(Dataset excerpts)
::::
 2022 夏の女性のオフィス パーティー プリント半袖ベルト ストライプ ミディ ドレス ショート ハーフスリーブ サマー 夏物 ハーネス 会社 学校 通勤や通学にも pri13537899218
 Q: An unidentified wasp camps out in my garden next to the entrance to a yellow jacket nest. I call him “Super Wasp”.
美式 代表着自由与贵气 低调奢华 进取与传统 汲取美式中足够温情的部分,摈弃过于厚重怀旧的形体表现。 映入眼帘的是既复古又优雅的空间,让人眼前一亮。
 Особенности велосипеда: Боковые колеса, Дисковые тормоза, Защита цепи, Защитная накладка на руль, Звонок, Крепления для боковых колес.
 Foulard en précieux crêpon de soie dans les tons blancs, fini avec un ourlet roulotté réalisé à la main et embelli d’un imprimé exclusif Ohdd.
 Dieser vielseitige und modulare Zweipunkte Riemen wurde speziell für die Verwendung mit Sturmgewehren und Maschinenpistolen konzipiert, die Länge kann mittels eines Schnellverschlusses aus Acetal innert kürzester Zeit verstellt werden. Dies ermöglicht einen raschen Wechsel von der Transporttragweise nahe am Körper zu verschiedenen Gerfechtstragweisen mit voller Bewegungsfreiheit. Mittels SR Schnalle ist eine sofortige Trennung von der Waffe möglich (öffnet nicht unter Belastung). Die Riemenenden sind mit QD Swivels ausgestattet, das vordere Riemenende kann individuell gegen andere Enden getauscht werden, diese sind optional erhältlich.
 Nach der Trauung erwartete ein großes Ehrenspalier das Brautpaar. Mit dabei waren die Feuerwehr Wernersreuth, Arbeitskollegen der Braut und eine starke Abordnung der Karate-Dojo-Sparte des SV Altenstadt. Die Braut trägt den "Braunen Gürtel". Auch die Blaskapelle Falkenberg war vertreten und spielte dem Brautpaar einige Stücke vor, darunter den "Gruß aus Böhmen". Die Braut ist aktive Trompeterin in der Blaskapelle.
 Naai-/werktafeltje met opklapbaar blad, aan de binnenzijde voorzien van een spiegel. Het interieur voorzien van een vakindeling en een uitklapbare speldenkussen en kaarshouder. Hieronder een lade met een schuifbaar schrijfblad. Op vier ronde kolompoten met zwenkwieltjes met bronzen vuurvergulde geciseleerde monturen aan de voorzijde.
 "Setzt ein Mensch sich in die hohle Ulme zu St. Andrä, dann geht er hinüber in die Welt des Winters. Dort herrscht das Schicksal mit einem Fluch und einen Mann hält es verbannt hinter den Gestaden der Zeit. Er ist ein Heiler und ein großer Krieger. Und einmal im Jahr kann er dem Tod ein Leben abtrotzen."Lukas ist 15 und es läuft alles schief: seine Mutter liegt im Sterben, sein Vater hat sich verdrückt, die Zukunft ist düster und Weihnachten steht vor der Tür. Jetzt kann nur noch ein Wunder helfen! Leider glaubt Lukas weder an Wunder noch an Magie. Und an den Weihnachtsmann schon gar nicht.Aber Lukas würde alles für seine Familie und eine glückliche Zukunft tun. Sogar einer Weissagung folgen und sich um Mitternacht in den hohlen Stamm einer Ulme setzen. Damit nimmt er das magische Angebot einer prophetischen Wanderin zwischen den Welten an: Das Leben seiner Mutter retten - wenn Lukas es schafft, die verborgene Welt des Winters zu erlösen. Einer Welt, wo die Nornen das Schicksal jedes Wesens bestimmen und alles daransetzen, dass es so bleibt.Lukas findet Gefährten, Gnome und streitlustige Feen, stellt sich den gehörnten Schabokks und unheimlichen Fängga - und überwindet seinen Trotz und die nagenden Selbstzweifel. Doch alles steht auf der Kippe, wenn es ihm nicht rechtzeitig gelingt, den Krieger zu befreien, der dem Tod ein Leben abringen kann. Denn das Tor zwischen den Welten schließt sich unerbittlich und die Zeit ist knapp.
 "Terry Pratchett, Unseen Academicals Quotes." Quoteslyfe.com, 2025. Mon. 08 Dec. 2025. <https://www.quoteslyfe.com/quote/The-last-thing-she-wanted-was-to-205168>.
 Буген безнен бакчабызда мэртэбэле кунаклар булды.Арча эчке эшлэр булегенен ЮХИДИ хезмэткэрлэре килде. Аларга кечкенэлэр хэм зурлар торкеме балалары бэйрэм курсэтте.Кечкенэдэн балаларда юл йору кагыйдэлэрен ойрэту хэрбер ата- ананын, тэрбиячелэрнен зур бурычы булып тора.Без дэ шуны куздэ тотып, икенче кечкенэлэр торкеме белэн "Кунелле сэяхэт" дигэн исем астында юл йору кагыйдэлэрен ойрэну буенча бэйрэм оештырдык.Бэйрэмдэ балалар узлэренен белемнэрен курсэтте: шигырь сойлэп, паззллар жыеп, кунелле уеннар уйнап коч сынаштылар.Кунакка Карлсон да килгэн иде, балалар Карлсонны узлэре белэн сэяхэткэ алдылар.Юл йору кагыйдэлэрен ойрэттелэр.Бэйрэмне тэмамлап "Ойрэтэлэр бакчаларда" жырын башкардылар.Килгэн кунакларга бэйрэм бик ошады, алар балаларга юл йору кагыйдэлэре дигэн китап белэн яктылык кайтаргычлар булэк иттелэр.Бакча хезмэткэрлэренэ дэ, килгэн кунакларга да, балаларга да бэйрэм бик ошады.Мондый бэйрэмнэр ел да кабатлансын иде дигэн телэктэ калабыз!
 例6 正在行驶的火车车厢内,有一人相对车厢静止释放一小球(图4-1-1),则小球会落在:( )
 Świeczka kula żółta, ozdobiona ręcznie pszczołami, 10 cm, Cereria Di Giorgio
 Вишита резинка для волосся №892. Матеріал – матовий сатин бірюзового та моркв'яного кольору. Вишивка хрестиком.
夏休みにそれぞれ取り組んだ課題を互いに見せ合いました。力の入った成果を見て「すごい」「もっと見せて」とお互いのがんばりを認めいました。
::::
### WHAT IS BEING ASKED:
Extract, please, the lines from the start of the entries above through the one with "Foulard en précieux", both included, reproducing each exactly and adding nothing.

### EXPECTED ANSWER:
 2022 夏の女性のオフィス パーティー プリント半袖ベルト ストライプ ミディ ドレス ショート ハーフスリーブ サマー 夏物 ハーネス 会社 学校 通勤や通学にも pri13537899218
 Q: An unidentified wasp camps out in my garden next to the entrance to a yellow jacket nest. I call him “Super Wasp”.
美式 代表着自由与贵气 低调奢华 进取与传统 汲取美式中足够温情的部分,摈弃过于厚重怀旧的形体表现。 映入眼帘的是既复古又优雅的空间,让人眼前一亮。
 Особенности велосипеда: Боковые колеса, Дисковые тормоза, Защита цепи, Защитная накладка на руль, Звонок, Крепления для боковых колес.
 Foulard en précieux crêpon de soie dans les tons blancs, fini avec un ourlet roulotté réalisé à la main et embelli d’un imprimé exclusif Ohdd.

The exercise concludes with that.